Dabei handelt es sich um eine Methode des agilen Projektmanagements, ein Ansatz, der dem häufig als zu starr und zu wenig flexibel empfundenen klassischen Projektmanagement ein radikal entschlanktes Regelwerk gegenüberstellt:

“Bei Scrum wird grundsätzlich angenommen, dass Produktfertigungs- und Entwicklungsprozesse so komplex sind, dass sie sich im Voraus weder in große abgeschlossene Phasen noch in einzelne Arbeitsschritte mit der Granularität von Tagen oder Stunden pro Mitarbeiter vorher planen lassen. (…) Ein Management „von oben“ sowie traditionelle Methoden zur Kommunikation oder Projektsteuerung, die die Zusammenarbeit im Team regeln sollen, werden abgelehnt,”
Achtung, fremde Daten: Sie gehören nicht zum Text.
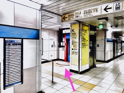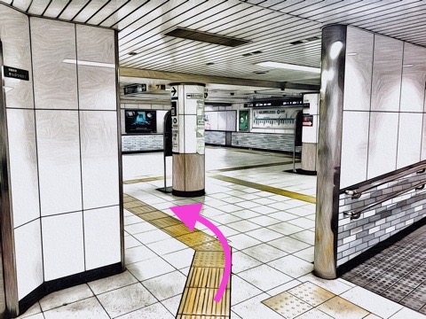 8号車4番扉(先頭から3両目)付近のエレベーターへ
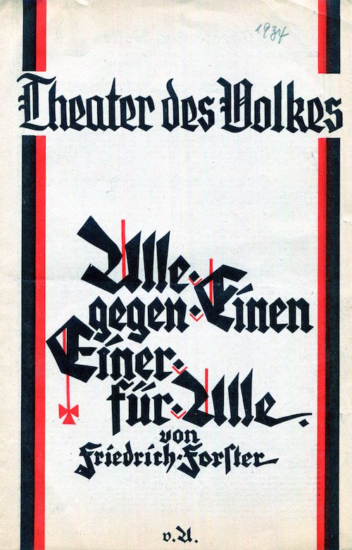 Germany Berlin Entertainment Theater Des Volkes Program Alle Gegen Einen Einer Fur Alle 1934 Front
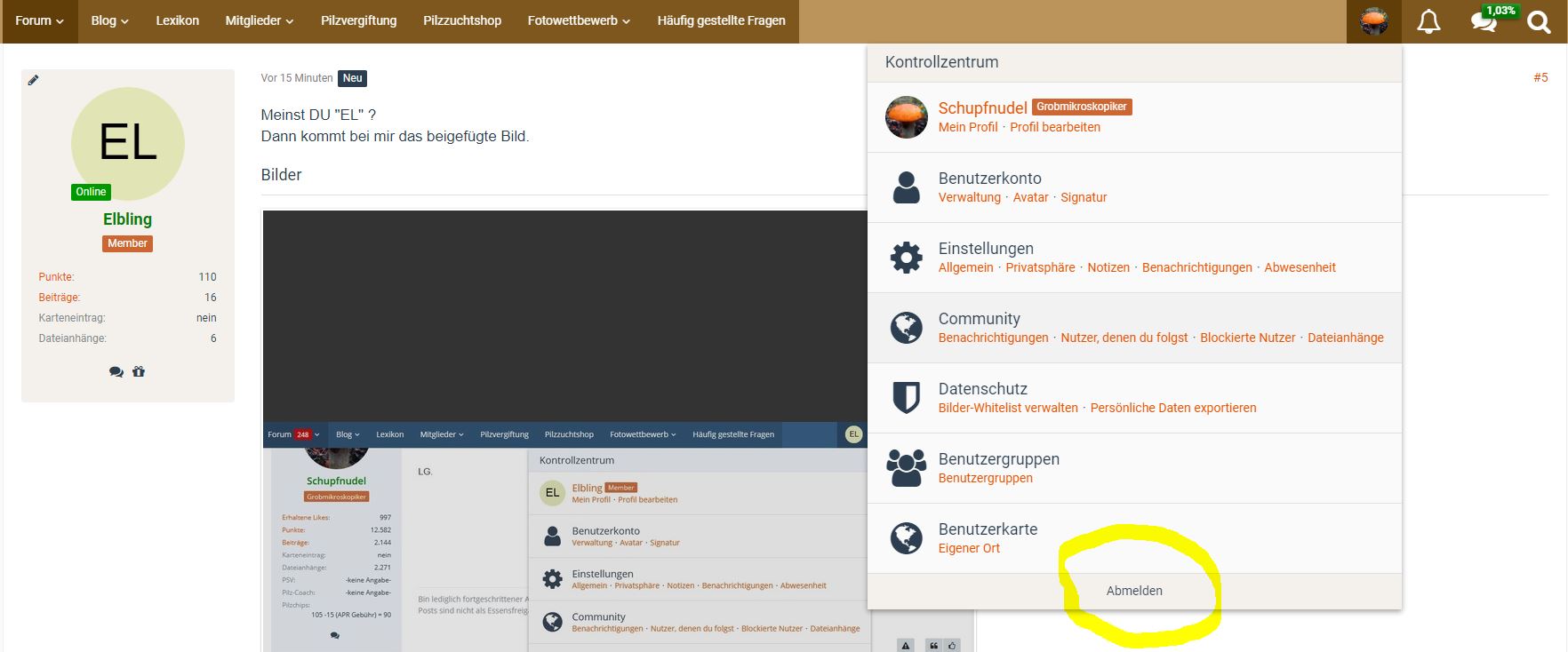 Scheint als würde bei einigen Bildschirmauflösungen das Overlay nach Klick auf den Avatar nicht richtig angepasst. Dann sieht man den Abmelde-Button wirklich nicht. Workaround wäre die entsprechenden Cookies im Browser zu löschen. Oder einfach angemeldet bleiben. Ich logge mich hier eigentlich nie aus, weil ich den Vorteil darin nicht sehe. Aber wie gesagt - Browser-Cookies vom pilzforum löschen, müsste dich auch ausloggen. Oder du stellst eine andere Bildschirmauflösung ein.

heißt es im entsprechenden Wikipediaeintrag. Scrum, diese Bezeichnung taucht das erste Mal Anfang der 1990er Jahre auf, Ausgangspunkt ist ein von Hirotaka Takeuchi und Ikujiro Nonaka 1986 veröffentlichter Artikel “The New New Product Development Game“, in dem diese aus dem Rugby-Spiel einen neuen methodischen Ansatz zu entwickeln versuchten.

Ein Ergebnis dieser Entwicklung war das agile Manifest , auf dessen Basis dann verschiedene Ansätze der agilen Softwareentwicklung wie z.B. Extreme Programming oder eben Scrum entstanden. Bei letzterem handelt es sich um eine iterativ-inkrementelle Vorgehensweise, für die ein Product Owner als Kundenvertreter, der die fachlichen Anforderungen verwaltet und diese priorisiert, der ScrumMaster als der Prozessverantwortliche und das Entwicklerteam benötigt werden  (genauer wird diese Vorgehensweise im Wikipedia-Artikel beschrieben).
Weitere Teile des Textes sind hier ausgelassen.